Starting from a clean slate is generally pretty straightforward. You might have legacy systems, however. How do you do bulk imports? One strategy is to run the two systems in parallel for a while, taking writes, simulating reads, making sure everything is kosher in NoSQL land. Is there an ORM that can help you abstract the (vastly different) storage layer? Think also about the reverse – getting data out of NoSQL and into standard reporting tools. Many NoSQL systems are optimized for specific types of access, and doing things like exporting data or performing analytic queries can be difficult. For example, at Twitter, we store the social graph in FlockDB2, which serves our online needs very well. However, we found that in order to analyze patterns in this data, we had to set up replication from FlockDB into Hadoop and HBase, and perform the analysis offline.
How to operationalize this thing
By far the weakest spot I have consistently discovered with NoSQL systems is operationalization. What is the deployment story? Are there tools to examine the health of the system? What about figuring out what went wrong – and remember, something always goes wrong – can I run ad-hoc queries on that thing? Many NoSQL databases are built for querying based on a key. What if you want to scan a large part of the data, looking for some condition? Will this take your website down to a crawl? How do you set up monitoring for the system? When an alert fires, what exactly are you supposed to do? The operations engineers in your company probably have a lot of experience running things like Linux boxes and MySQL instances. They know a great deal about bizarre replication quirks, device driver bugs, and TCP throughput collapse. They don’t have the same experience with your distributed key-value hash table and its gossip protocol. They know what it looks like when a MySQL node goes insane.What does an insane Cassandra node look like? Does it matter if you always do consistent reads? How do you check for replication lag? HBase region servers can survive master failure – what does that mean, exactly? Can this wait till morning?
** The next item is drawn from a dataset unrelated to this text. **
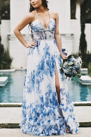 Elegant Ruffle Strap A-Line Printed V-Neck Pearl Slit Ball Gown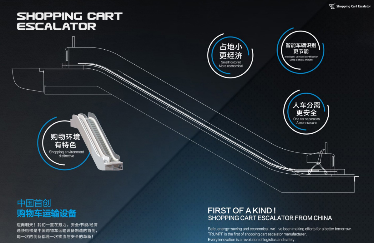 全球商超订制产品-中海三菱购物车电梯,购物车运输设备

The answers to these questions are, of course, different for different projects. Chances are, these answers will be a lot more complete by the time you read this than they are at the time I write this. The NoSQL “movement” has produced very interesting, exciting technologies, and they address real needs in the IT space. If you’ve answered all of these questions to your satisfaction, and still want to jump in – take a good running start, and go for it. I’ll be in there with you, looking out for sharks.
(1) Information about the benchmark can be found at http://wiki.github.com/brianfrankcooper/YCSB/
Dmitriy V. Ryaboy
Please answer these questions before taking the NoSQL plunge!